This Was Their Finest Hour

In his speech to the House of Commons on 18 June 1940, Churchill declared that 'the Battle of Britain is about to begin'. Having refused to contemplate a peace treaty with Germany, he started making plans to defend the British Isles from the might that Hitler would unleash under Operation Sea Lion. In order to launch a land offensive, however, the Nazis had to weaken the resistance of the RAF and the civilian population. Consequently, the Luftwaffe began to target British airfields between 10 July and 31 October, while the major ports and industrial cities were subjected to a merciless Blitz between 7 September 1940 and 11 May 1941.

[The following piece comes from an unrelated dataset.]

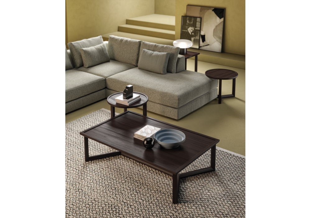 Jo-Jo designed by Marac Lab for Marac is a coffee table with base and top in ash wood, natural or mocha, walnut or "smoky" stained finish. Available in different sizes.

A still from Darkest Hour (2017)
A still from Darkest Hour (2017)

Gary Oldman captured Churchill's bulldog spirit to Oscar-winning effect in Joe Wright's Darkest Hour (2017). While voicing his concerns at Neville Chamberlain's policy of appeasement, Churchill had been negotiating a screenwriting deal with Alexander Korda, who had promised to put Denham Studios at the nation's disposal if war broke out. He was forced to make good on his promise on 3 September 1939 and, within two months, Korda had released The Lion Has Wings, using his own life insurance policy to complete the shoot. Co-directed by Michael Powell, Brian Desmond Hurst and Adrian Brunel, this paean to the preparedness of the RAF stars Ralph Richardson and Merle Oberon as a wing commander and his wife doing their bit in the run-up to the war's first aerial bombing raid on Kiel.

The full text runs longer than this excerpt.